The're open Thurs-Sunday? And Powder days which they charge $10 extra ? Looks like a nice Mountain.


----------



## bdfreetuna (Jan 29, 2015)

Making my decision for Saturday even easier...


----------



## Tin (Jan 30, 2015)

Awesome. Hoping for another on Tuesday.


----------



## WoodCore (Jan 30, 2015)

Looking Good!


----------



## C-Rex (Jan 30, 2015)

Looks like they're good to go!  Anyone know if they're doing a Superbowl Sunday deal this year?


----------



## reefer (Jan 30, 2015)

C-Rex said:


> Looks like they're good to go!  Anyone know if they're doing a Superbowl Sunday deal this year?





http://www.groupon.com/deals/magic-mountain-ski-resort


Don't see any SB deals, they have a Groupon going.
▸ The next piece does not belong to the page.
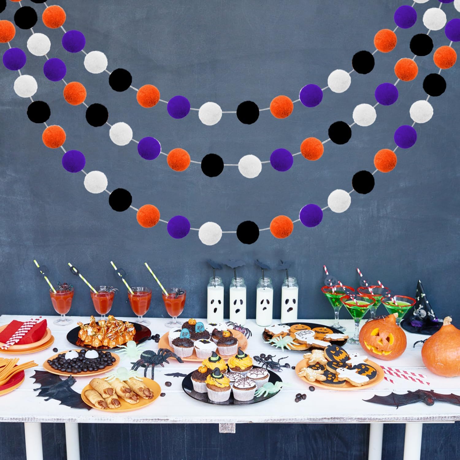 - HALLOWEEN DECORATIONS FALL POM POM GARLAND PACK OF 3: Each pom pom Garland contains 24 pom pom balls, the felt ball garland is 6.6 feet/ 2m long and the pom pom ball is 25mm in diameter, no knot on the string of the garland, so the distance between balls and total length are all adjustable. Jishi 3-pack elegant cute Halloween garland strand set can meet your Halloween, Fall, birthday and parties decoration needs. NOTE: Winding Risk May Exist, Please Stay Away From Children Under 3 Years Old.

Not sure if you print these or they send you the tickets?


----------



## xwhaler (Jan 30, 2015)

I saw tix for Sunday at Magic on Liftopia for $40.99


----------



## dlague (Jan 30, 2015)

Great pics - looking forward to my annual trip to Magic in February.


----------



## Powda (Jan 30, 2015)

https://www.doubletakeoffers.com/magic-mountain

2 tickets for $63. It doesn't mention any blackout dates.


----------



## Savemeasammy (Jan 30, 2015)

This was early this afternoon.  


Sent from my iPhone using Tapatalk


----------



## Abominable (Jan 30, 2015)

Powda said:


> https://www.doubletakeoffers.com/magic-mountain
> 
> 2 tickets for $63. It doesn't mention any blackout dates.



Nice find there, many thanks.


----------